The use of only eight gates is a drawback of this method, which tends to overestimate the end-systolic volumes in comparison with MRI. Using at least 16 gates is desirable; however, the low count statistics in the resulting images are likely to eliminate any potential benefit of using 16 gates instead of 8. An increase in injected dose might improve count statistics to a degree that would allow input curves to be more accurately derived from gated dynamic data. This would potentially decrease the risk of obtaining falsely low blood volume fractions and recover correct volumes from the outliers identified in this study. However, an injected activity of 400 MBq approaches the upper system limit regarding saturation. The use of the most recent generation of PET/CT or PET/MR scanners with a larger axial field of view and correspondingly higher sensitivity, time of flight capability and more robust counting statistics, might enable the use of a higher time resolution and higher doses.
In the present work, each image frame had to be sorted separately from the list-mode file, and then reconstructed into an eight-gate time-static image, involving the manual submission of 40 list-mode sorting or reconstruction assignments on the PET/CT reconstruction console and reconstruction of 160 image sets in total.

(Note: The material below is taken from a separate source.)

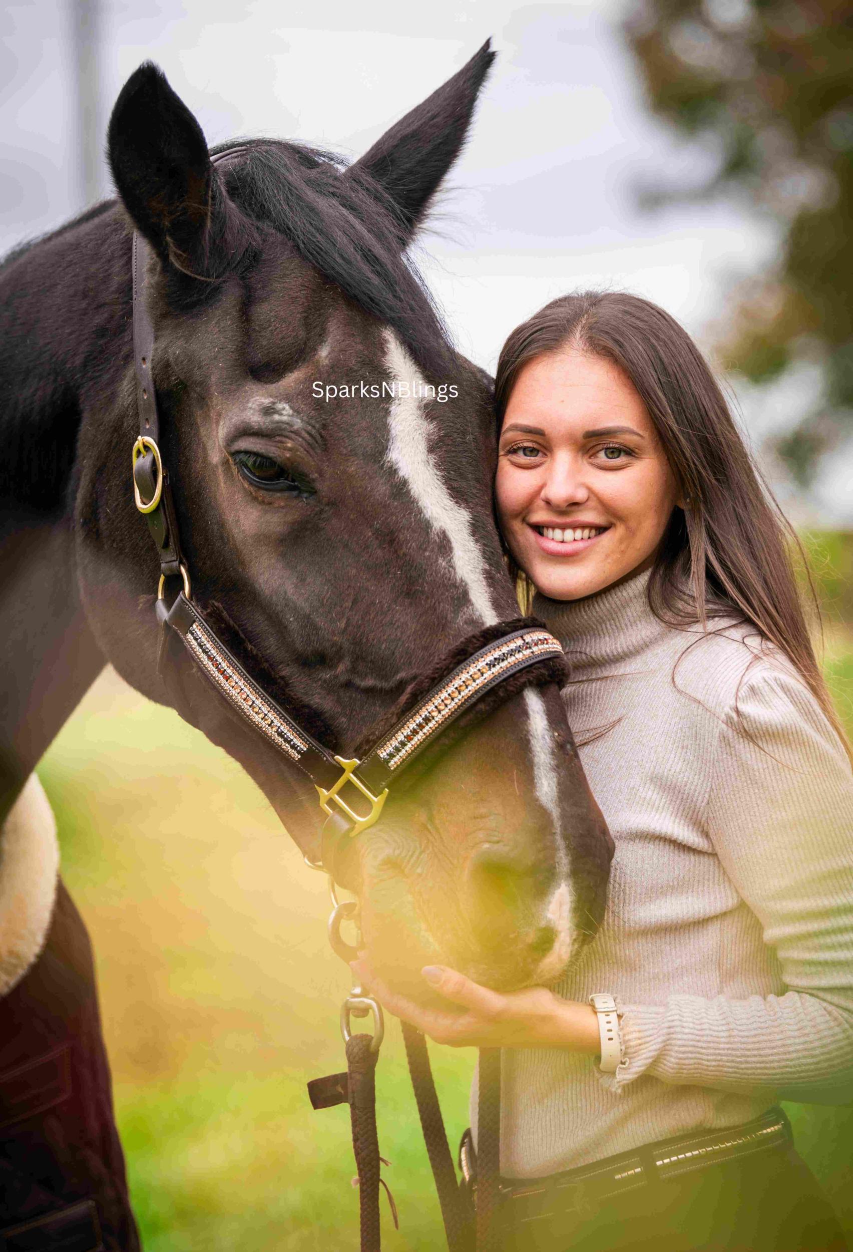 Elegantes, fein gearbeitetes Sparks N Blings Lederhalfter. Die mit Gel gepolsterten Seiten sorgen für eine perfekte Passform und die Verzierung mit braun getönten Swarovski-Kristallen sorgt für unvergleichliche Eleganz.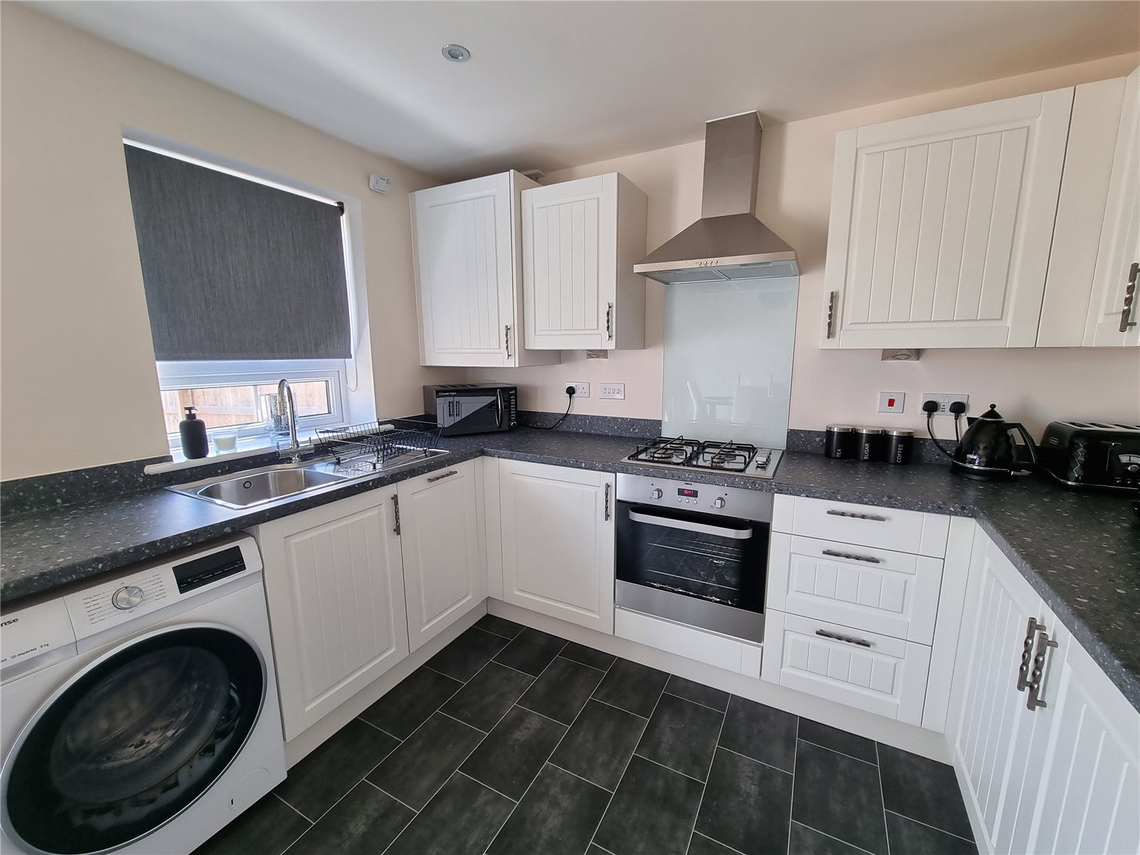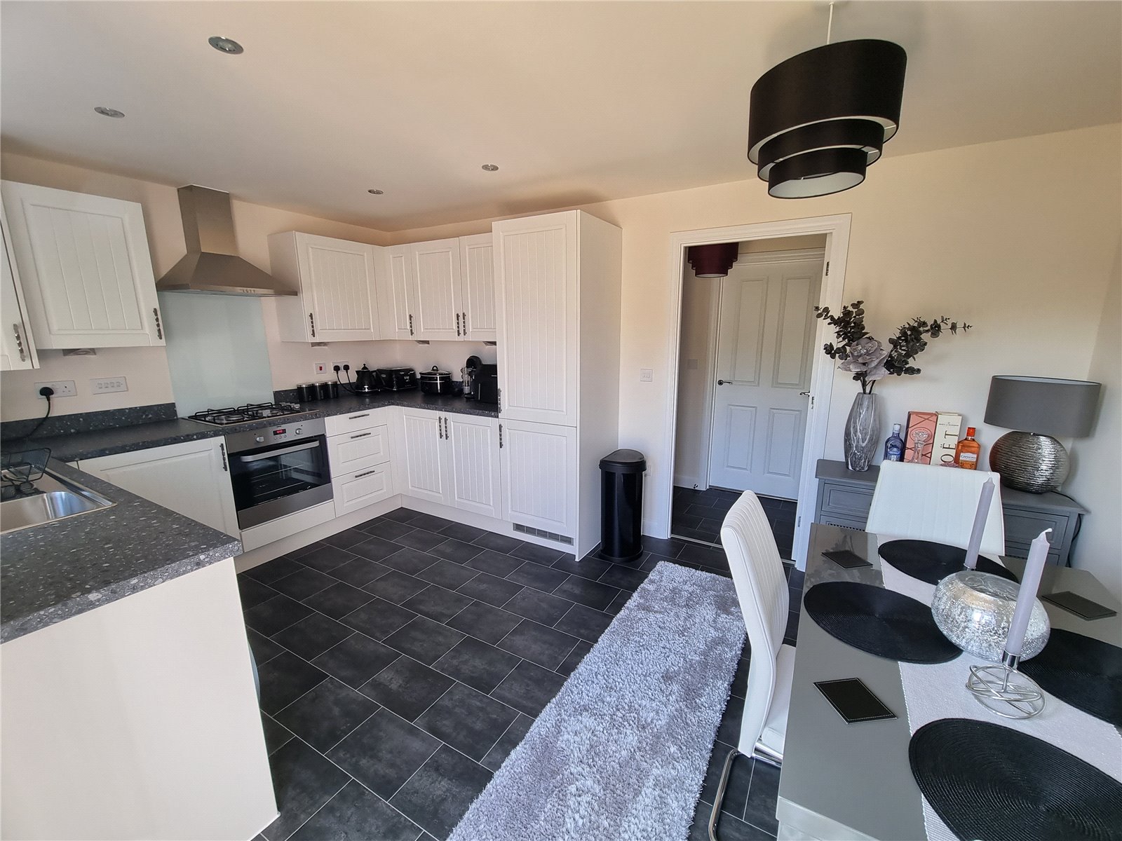 Kitchen/Diner 15' x 10' (4.57m x 3.05m). Comprehensively fitted with a range of matching wall and base units with adjoining work top preparation surface and inset stainless steel sink and drainer with mixer tap over. Fitted appliances include oven and gas hob with cooker hood over. Fridge/freezer, dishwasher and space for washing machine. Wall mounted concealed gas central heating boiler, inset spotlights, radiator, uPVC double glazed window and uPVC double glazed French doors giving access to the rear garden.

Then, the 20 gated images were imported in a Matlab tool for resorting them into eight dynamic single cardiac-gate scans of 20 frames each, after which parametric images were calculated as described in the “Methods” section above. Aside from being very labour-intensive and time-consuming, this amount of manual processing is vulnerable to operator errors. Ideally, the scanner post-processing unit should automate the list-mode sorting, reconstruction and re-sorting into dynamic gated single cardiac-gated images, preferably using a frame timing definition that corresponds to full cardiac cycles. The software used for blood volume analysis originates from SPECT and has not been validated for synthetic PET blood volume images, but seems to provide reasonable results. If the software used for blood volume analysis would accommodate this, only end-systolic and end-diastolic single-gate dynamic images would need to be reconstructed. This would further reduce reconstruction times by 75%.
A limitation of the present work is that the patient population is limited to patients with mitral or aortic regurgitation with normal LV function. This highly specific patient population is though not likely to impact on the observed result. Segmentation of LV volumes is performed on either first pass images or parametric blood volume images, constructed from kinetic modelling, that are not affected by mitral or aortic regurgitation. Forward stroke volume or forward ejection fraction would have been affected but this was not a part of the present study. However, a more comprehensive assessment of the use of gated parametric 15O-water PET images in measuring LV volumes and LVEF is required in patients with reduced LV function. LVEF cutoff used for a decision on defibrillator implants is 35%, which is lower than in the present study, and another study will have to be done to qualify 15O-water in that range.